**Task requirements:** Extract the lines from the first one in the records below through the line containing "保溫層的厚度計算比較復雜,一", keeping both ends and leaving out any pictures.

---- Supplied data

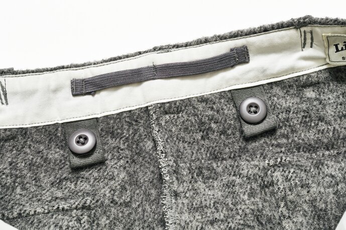 そんなことを考えていた時にこの生地に出会ったんだけど「これで軍パン作ったらフレンチいけそうじゃね!?」と思いついてからは、前のめりになったね。「リバーウール」って生地は裏地なしでコートにすることが多い高級素材なんだけど、ウールの他にシルクとキャメルを混紡していて高級感抜群。
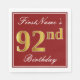 Elegant Red, Faux Gold 92nd Birthday + Custom Name Napkin
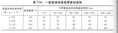 保溫層的厚度計算比較復雜,一般可以根據保溫材料、熱導率、介質溫度及a管徑來確定。也可以參照表7—16進行選擇。
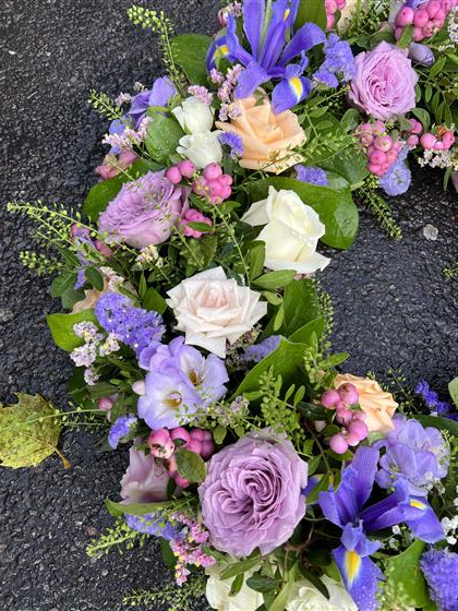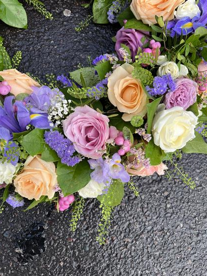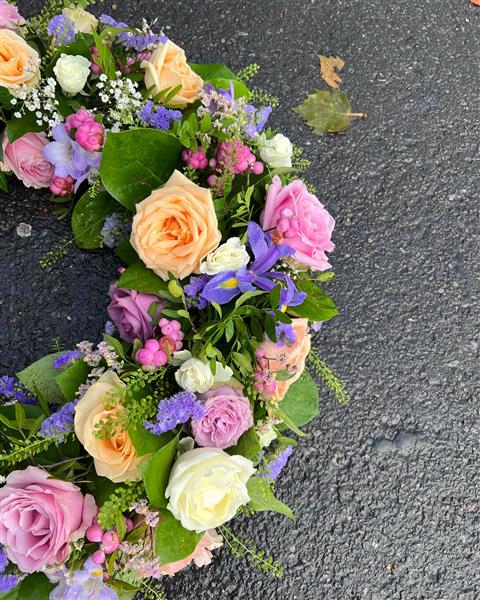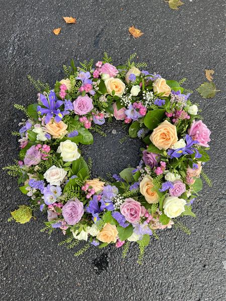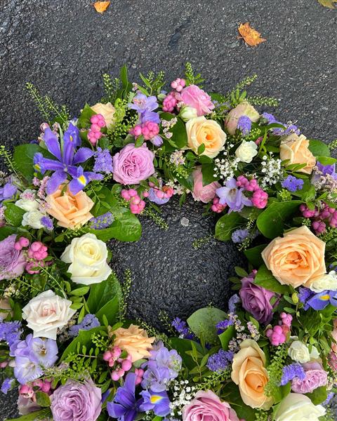 A beautiful wreath made with stunning roses. Peach, Pink and Cream Avalanche Roses. Lilac Cool water roses with Lilac Statice, Iris, Freesia and Pink Snow Berries.
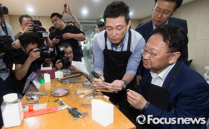 (서울=포커스뉴스) 유일호 경제부총리 겸 기획재정부 장관이 15일 오전 서울 종로구 서울창조경제혁신센터 부속 인큐베이팅 센터에서 입주기업을 둘러보던 중 보석 세공 작업을 체험하고 있다.
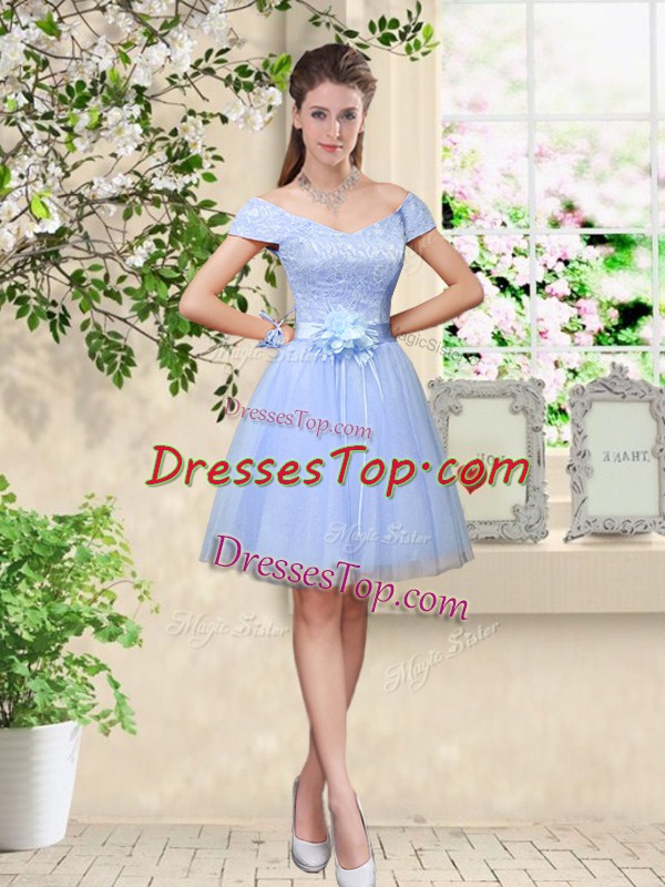 Cap Sleeves Lace and Belt Lace Up Dama Dress
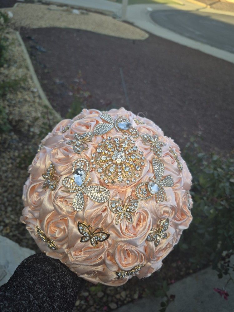 Beautiful silky handmade rose bouquet with gold rhinestone accents. Can be used for a quince or wedding or even as decoration. Retails $130-$200 with tax
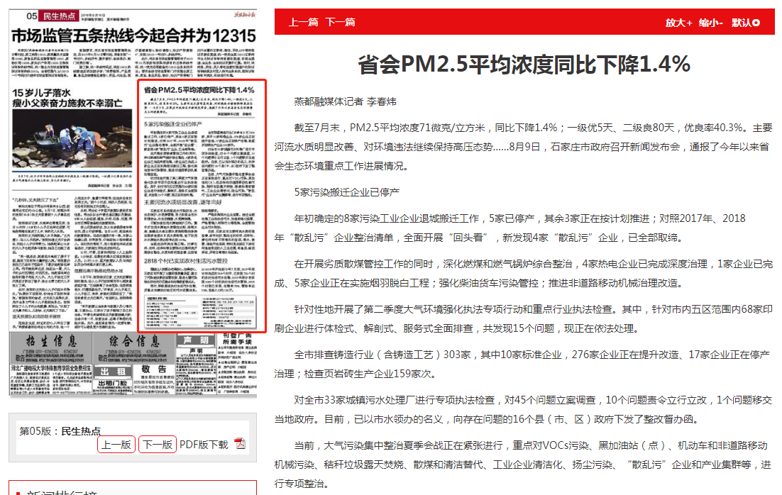 截至7月末,PM2.5平均浓度71微克/立方米,同比下降1.4%;一级优5天、二级良80天,优良率40.3%。主要河流水质明显改善、对环境违法继续保持高压态势……8月9日,石家庄市政府召开新闻发布会,通报了今年以来省会生态环境重点工作进展情况。
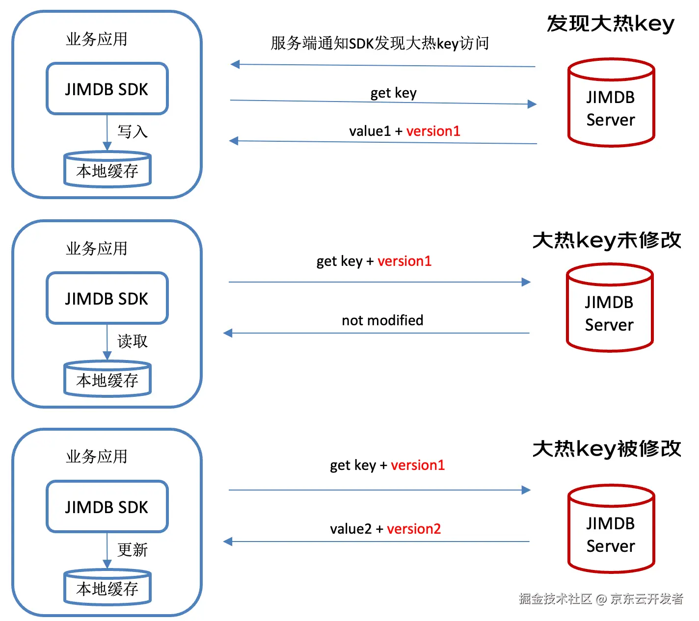 客户端缓存解决了大热key访问带宽瓶颈问题,并且可以保障保障客户端缓存与服务端数据的一致性。每个大热key缓存项都带有一个版本号。一旦该key被修改,JIMDB会同步修改缓存项的value和version。
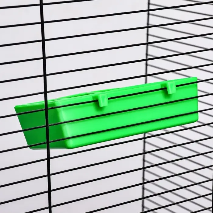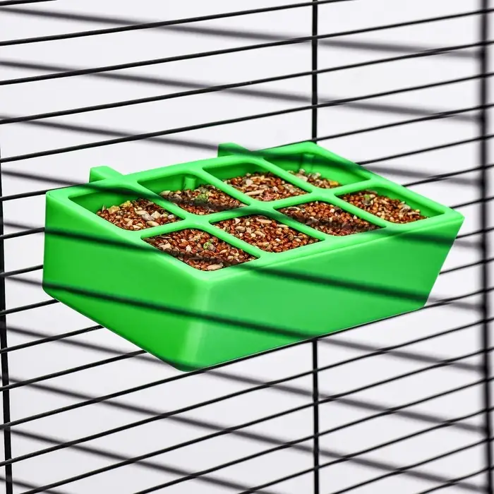 - Низкие борта (4,4 см): удобны для птиц — легко доставать корм клювом, но достаточно высоки, чтобы зёрна не высыпались при активном клевании.
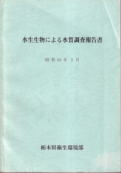 水生生物による水質調査報告書 昭和63年3月 付図:栃木県底生動物による水質階級地図 1枚
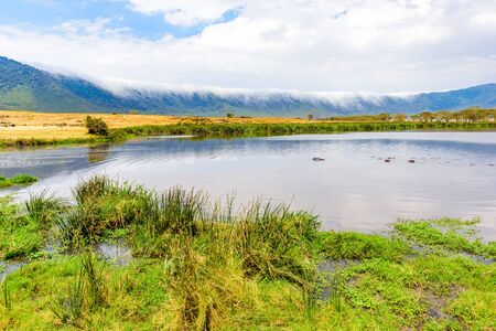 Hippo Pool in the Ngorongoro crater National Park. Safari Tours in Savannah of Africa. Beautiful wildlife in Tanzania, Africa
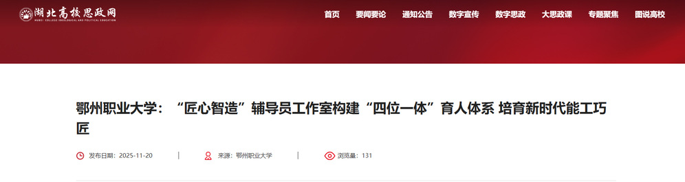 湖北高校思政网——鄂州职业大学:“匠心智造”辅导员工作室构建“四位一体”育人体系 培育新时代能工巧匠
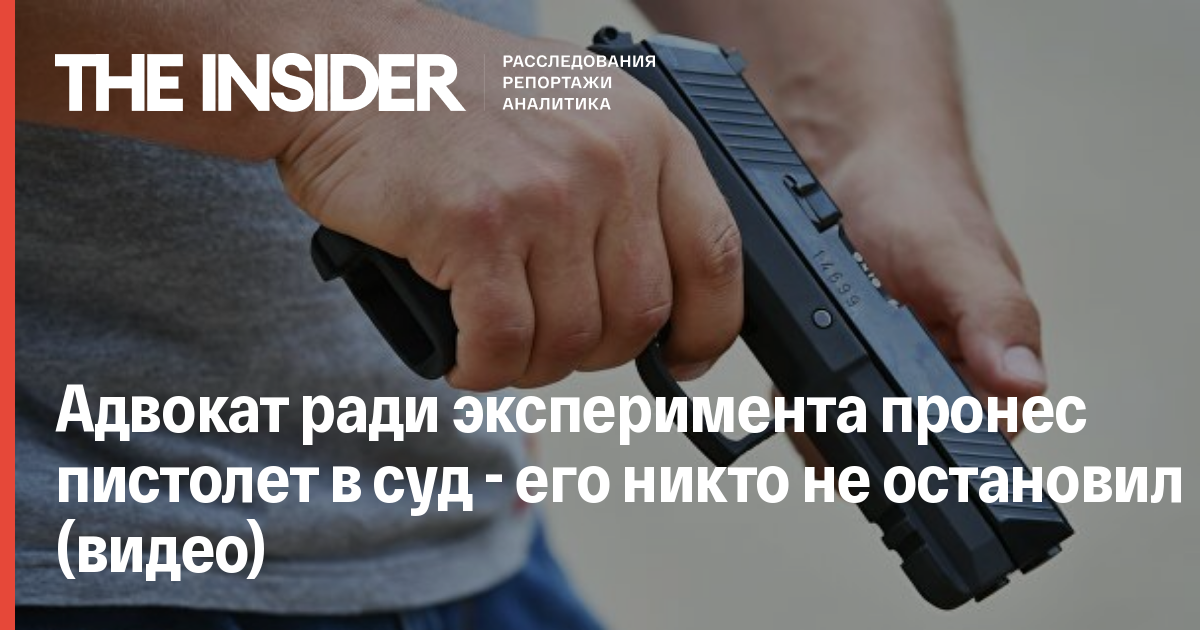 12 февраля экс-начальник ФСИН застрелился в зале Чертановского суда после обвинительного приговора. СК пообещал провести немедленную проверку обстоятельств, при которых подсудимый пронес в здание суда оружие. Однако проверка, судя по всему, так и не была проведена. Как рассказал The Insider адвокат АБ «Мусаев и партнеры» Алексей Голенко, на следующий же день он беспрепятственно прошел через рамки суда с травматическим пистолетом. Рамки на пистолет не отреагировали, при обыске его тоже не нашли. Голенко снял на видео диалог с судебными приставами и намерен обжаловать их действия в суде. По иронии, его жалобу на работу Чертановского суда будет рассматривать тот же самый Чертановский суд.
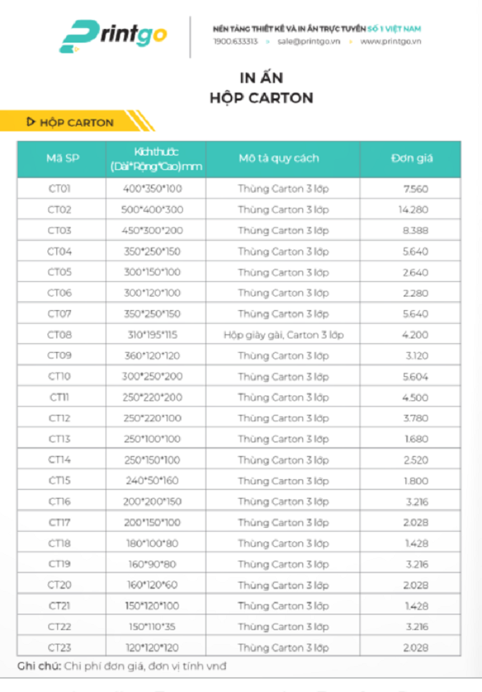 Mỗi mẫu mã, kiểu dáng, số lượng in hộp giấy sẽ có giá trị khác nhau tại mỗi cơ sở in. Nếu như bạn đang băn khoăn không biết giá in ấn hộp giấy là bao nhiêu để cân bằng với ngân sách của công ty, vậy thì hãy tham khảo ngay bảng giá in hộp giấy mới nhất, cập nhật liên tục của Printgo.

--------

**Exercise answer:**
 そんなことを考えていた時にこの生地に出会ったんだけど「これで軍パン作ったらフレンチいけそうじゃね!?」と思いついてからは、前のめりになったね。「リバーウール」って生地は裏地なしでコートにすることが多い高級素材なんだけど、ウールの他にシルクとキャメルを混紡していて高級感抜群。
 Elegant Red, Faux Gold 92nd Birthday + Custom Name Napkin
 保溫層的厚度計算比較復雜,一般可以根據保溫材料、熱導率、介質溫度及a管徑來確定。也可以參照表7—16進行選擇。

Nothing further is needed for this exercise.